# Honors Geometry Companion Book, Volume 1

2.1.1 Using Inductive Reasoning to Make Conjectures (continued) Example 3 Biology Application

In this example you are asked to make a conjecture based on the data. Since a conjecture is based on inductive reasoning, base a statement upon the results of specific examples in this table and that statement will be a conjecture. Look at the table and consider a statement that is true about the number of birds observed on each day. On Day 1 and Day 2, more cardinals were seen than either mockingbirds or blue jays. This pattern holds for Days 3, 4, and 5. So, there are equal numbers of each type of bird in the neighborhood and more cardinals were observed eating the food each day. The data suggests that the food is most desired by the cardinals.

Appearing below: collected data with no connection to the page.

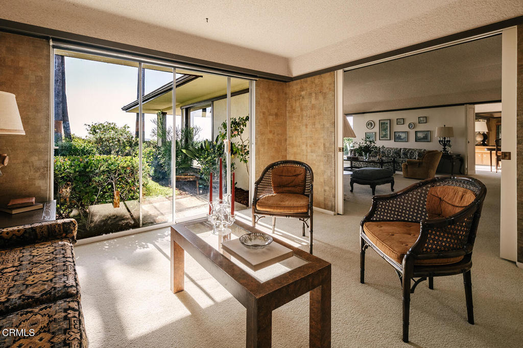 Perched at the end of a quiet cul-de-sac in La Canada Flintridge, 5703 Catherwood is a classic mid-century home defined by privacy, architectural integrity, and extraordinary 180-degree views. The vistas stretch across mountains and open sky, and on clear days extend all the way to the Pacific Ocean--an ever-changing panorama that anchors the home and elevates daily living. Walls of glass and nine sliding doors create exceptional indoor-outdoor ease, opening to dedicated patios, and framing the views from nearly every room. A generous living room takes full advantage of the outlook, offering a dramatic yet serene space for gathering and entertaining, while a separate dining room provides a more formal setting, also oriented toward the scenery. The kitchen flows into a family room, both connecting directly to their own patios--ideal for casual living, morning coffee, and effortless entertaining.The layout includes three bedrooms plus a den that could easily function as a fourth bedroom, office, or studio. Set on an expansive lot with generous flat outdoor space, the property feels secluded and peaceful, with multiple areas to enjoy the landscape and views. Rich with numerous original mid-century details and strong architectural bones, this is a rare opportunity to thoughtfully bring a special home up to date while preserving its timeless design. With unmatched views, privacy, and potential, 5703 Catherwood is truly something special.
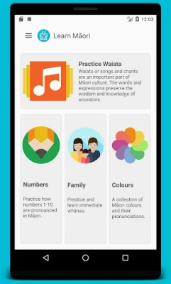 Your children can use this app to learn how basic numbers, colors, and family members are pronounced in Māori. Some of the important waiata are also included in the app.
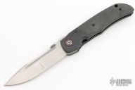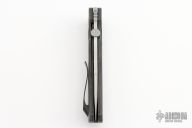 This Eagle Rock linerlock is from Custom Knife Factory and designed by Bob Terzuola. It features a bead blast finish multi-ground blade with fullers and false top edge, notched thumbrest and a thumbdisc. The handle has Timascus pivot collars, black bolsters, carbon fiber scales, black titanium liners, black backspacer, tip up black titanium clip. Nice blade seating, detent, and lockup. Excellent work. Comes with a zippered case and COA. Excellent condition.
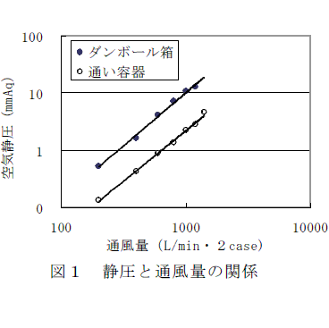 大風量の差圧通風予冷において、氷蓄熱高湿度冷蔵庫では直膨式冷蔵庫よりコカブの重量減少が小さく外観品質も良い。また、通い容器を用いるとダンボール箱と比べ1/5の静圧差で同じ冷却速度が得られる。 | ||||||||
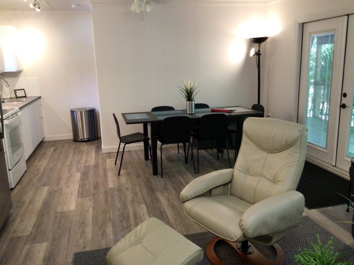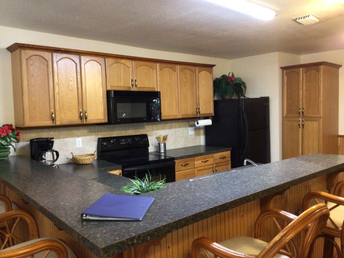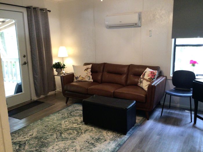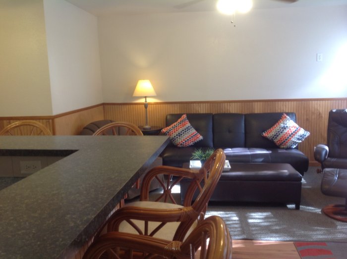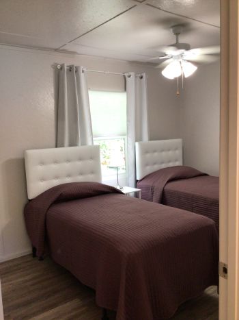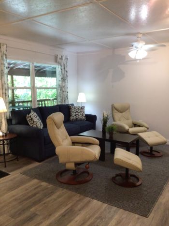 BAMBOO This beautiful cottage which was recently remodeled (2023) is located just a few steps from the pool area. It is a real beauty for sure with huge bamboos and a view of the park and pool area. Bamboo is on the second floor and has a large porch with table and chairs, perfect for relaxing with your morning coffee. On the ground level there is a picnic area with a table and charcoal grill. It also has a fire ring where you can enjoy a campfire. (See rules for firewood). The family room has a sleeper sofa, 2 swivel recliners with footstools, tables, and a large TV. One bedroom has a king bed and the other has 2 twin beds. Each bedroom has a large armoire. |
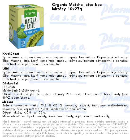Organis Matcha latte bez laktózy 10x27g
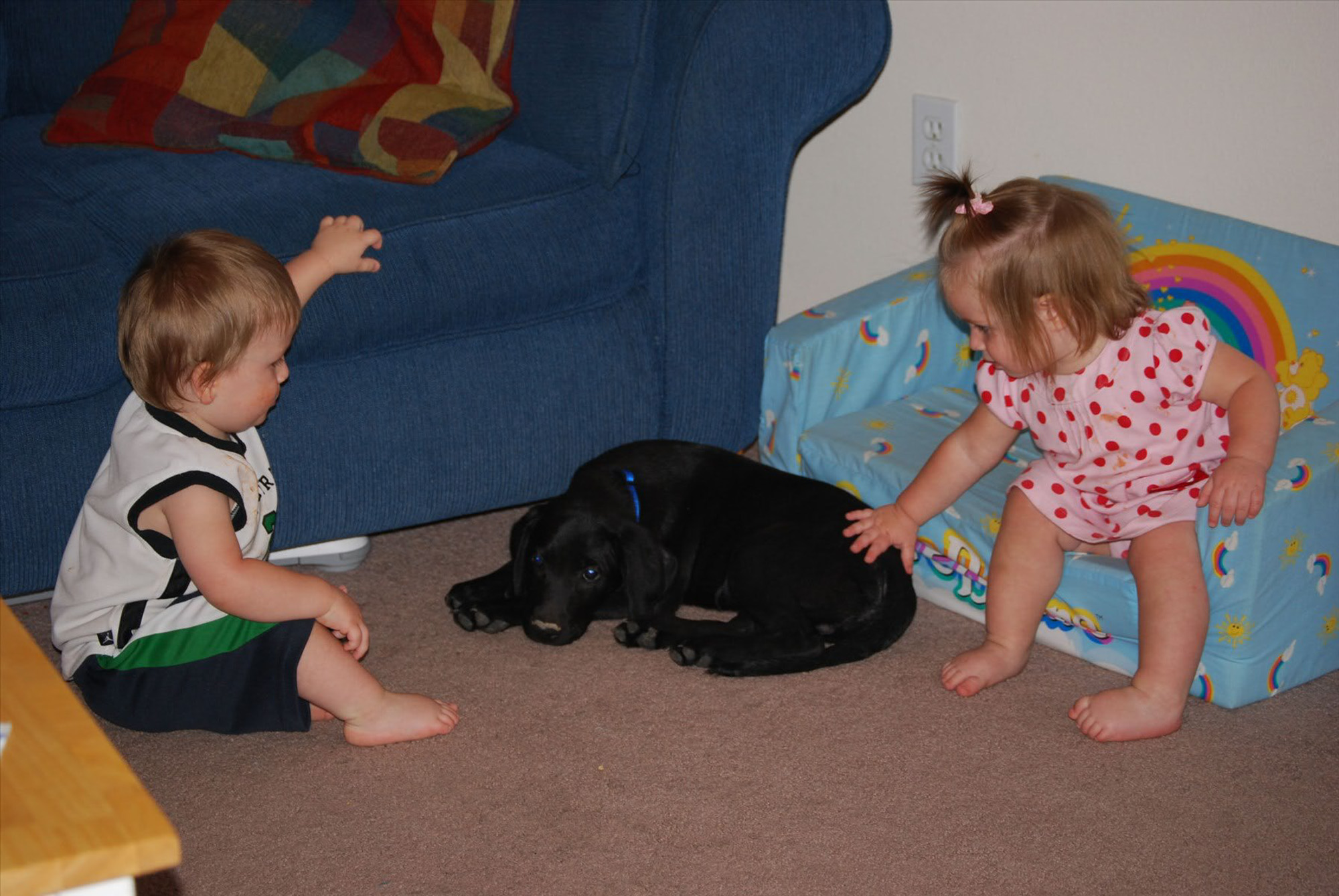 Even before I was pregnant Greg and I wanted to get a dog but we lived in a small townhouse and I didn’t think it would be fair to the dog to live in such a small place. Then when I got pregnant I wanted a dog even more (must of been some maternal thing) but again thought it would be unfair to the dog because when the twins came I knew all our attention would be going towards them and we wouldn’t have as much time as I would like to devote to a dog. Then on our first Christmas we wanted to get a dog for the twins but they were still pretty little and we were still living in our small townhouse so again we decided not to. But finally the time was right, with the kids being older and easier to take care of and a big yard we made the decision to get one. So Greg went and picked up this adorable black lab yesterday that we named Bo.
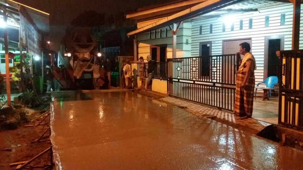 Pembetonan ketiga ruas berjalan lancar, sebab malam itu para pekerja tinggal meratakan coran yang dituangkan mobil molen. Sebab, mereka sebelumnya telah membuat mal kayu pada sisi kiri maupun kanan jalan, termasuk tikar besi untuk mengikat coran sehingga hasilnya lebih kuat dan tahan lama.
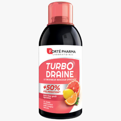 TURBODRAINE de FORTÉ PHARMA Goût Agrumes est un complément alimentaire conditionné sous forme de solution buvable à diluer, spécialement formulé à base de Reine des Prés qui favorise les fonctions d’élimination rénale et de Thé vert qui stimule le métabolisme des graisses et aide à brûler les graisses. Cette formule innovante de TURBODRAINE associe au Thé vert et à la Reine des Prés d’autres extraits de plantes : l’hibiscus pour drainer l’organisme et diminuer la sensation de jambes lourdes ; la queue de cerise qui facilite les fonctions d’éliminations de l’organisme ; et du ginseng pour le bon fonctionnement du système immunitaire. Grâce à son goût agréable, TURBODRAINE se boit sans effort tout au long de la journée. Sans colorants, sans sucres
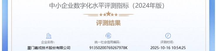 喜訊!嘉戎技術(shù)獲評《中小企業(yè)數(shù)字化評測指標》三級認證

Example 4 Finding a Counterexample Steps of Inductive Reasoning 1. Look for a pattern. 2. Make a conjecture. 3. Prove the conjecture or find a counterexample.

A conjecture cannot be proven true using specific examples. However, a conjecture can be proven false using only one specific example. An example that shows a conjecture is false is called a counterexample.

This conjecture states that for all positive numbers, a number’s square is greater than or equal to the number. Squaring a number means to multiply the number by itself. Consider specific examples to find a counterexample. If the example involves a number greater than 1, then the conjecture holds. However, the conjecture includes all positive numbers, so numbers between 0 and 1 are included and must be considered. When the example includes a fraction (a number between 0 and 1), the conjecture does not hold. Therefore, any example involving a fraction is a counterexample.